Mental illness is not always obvious, said Mickey Swade, who lost a son to suicide 13 years ago.
Swade and his wife, Bonnie, started Suicide Awareness Survivor Support in the Kansas City area. At least seven other support groups for the family and friends of people who have died from suicide exist in the area.
“If you are in your right mind, no matter how bad something seems right now, you know it could be better, in the next minute, in a day,” Swade said. “But if you are not thinking right you can’t see beyond right now. That is a mental break. So many kids today can’t see that things are going to change, that maybe in five minutes a phone call would have changed everything.”
For years, Swade said, schools slammed the door on attempts outside counselors made to come in and talk with staff and students about prevention.
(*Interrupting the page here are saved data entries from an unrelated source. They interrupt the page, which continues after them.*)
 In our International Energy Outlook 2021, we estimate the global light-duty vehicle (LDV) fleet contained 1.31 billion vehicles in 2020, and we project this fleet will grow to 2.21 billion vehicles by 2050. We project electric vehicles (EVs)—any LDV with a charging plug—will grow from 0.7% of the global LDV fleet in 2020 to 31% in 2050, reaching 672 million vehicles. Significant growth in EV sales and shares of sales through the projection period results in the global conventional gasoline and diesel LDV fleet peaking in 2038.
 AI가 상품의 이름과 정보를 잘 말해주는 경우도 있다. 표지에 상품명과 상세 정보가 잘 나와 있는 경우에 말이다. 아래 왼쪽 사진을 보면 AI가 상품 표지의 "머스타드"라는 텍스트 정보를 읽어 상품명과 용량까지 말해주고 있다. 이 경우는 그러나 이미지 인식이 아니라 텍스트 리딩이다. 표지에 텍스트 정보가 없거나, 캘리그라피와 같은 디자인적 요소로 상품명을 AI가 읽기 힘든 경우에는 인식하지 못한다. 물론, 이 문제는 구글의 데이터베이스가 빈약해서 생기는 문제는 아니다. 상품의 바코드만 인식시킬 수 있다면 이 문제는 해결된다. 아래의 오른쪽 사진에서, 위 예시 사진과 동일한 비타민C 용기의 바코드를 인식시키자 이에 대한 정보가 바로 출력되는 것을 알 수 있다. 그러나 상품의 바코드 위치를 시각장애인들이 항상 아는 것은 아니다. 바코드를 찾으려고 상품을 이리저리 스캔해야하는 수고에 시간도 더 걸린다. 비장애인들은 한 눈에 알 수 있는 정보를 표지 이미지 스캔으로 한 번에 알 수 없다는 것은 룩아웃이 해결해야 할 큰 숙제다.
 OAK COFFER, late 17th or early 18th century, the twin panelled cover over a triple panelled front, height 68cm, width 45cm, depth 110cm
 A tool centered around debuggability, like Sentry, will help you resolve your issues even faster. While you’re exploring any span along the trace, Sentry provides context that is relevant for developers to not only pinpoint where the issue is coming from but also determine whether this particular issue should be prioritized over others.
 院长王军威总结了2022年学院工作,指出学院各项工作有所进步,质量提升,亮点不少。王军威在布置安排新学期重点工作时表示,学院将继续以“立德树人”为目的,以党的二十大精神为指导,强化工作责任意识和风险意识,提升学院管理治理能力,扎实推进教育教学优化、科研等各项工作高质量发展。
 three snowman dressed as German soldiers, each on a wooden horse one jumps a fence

Swade recalls one district in particular: “They told us ‘no’ because, ‘We don’t have a suicide problem.’ ” He noted the district this year saw two self-inflicted deaths occur in as many weeks.
Suicides happen for so many reasons.
A teen may have problems at school. A relationship falls apart. A lot of things to a parent might seem like simple kid stuff, but in a youngster’s mind though, the challenges seem hopeless.
Many youth who contemplate ending their lives have been victims of sexual or physical abuse. Or bullied via social media. Or struggling with issues related to gender and sexual identity.
“What I’ve noticed is kids in crisis getting younger and younger,” said Shari Lanzendorf, who works at Missouri’s CommCare Crisis Hotline’s Kansas City office at 16th and Main Streets.
She attributes some of teen worries to maladies coursing through all of society: terrorism, financial insecurity, broken families, political polarity, mass shootings...
“With technology they get alerts on their phones of all the bad things happening around the world,” Lanzendorf said. “It’s hard enough for adults. Can you imagine how a child processes these fears?”
Addressing the reality of teen suicide is the first step to helping sufferers find treatment, said 19-year-old Rashai Harris. She sought professional help last year after graduating from Central Academy of Excellence and enduring a bad breakup with a boyfriend.
“When I started talking about my issues, I received an outpouring of support,” said Harris, who is now taking entrepreneurial courses at University of Missouri-Kansas City.
For her and those around Harris, it took way too much time to recognize the severity of her clinical depression.
After all, she said, “I first realized I was sad when I was 7.”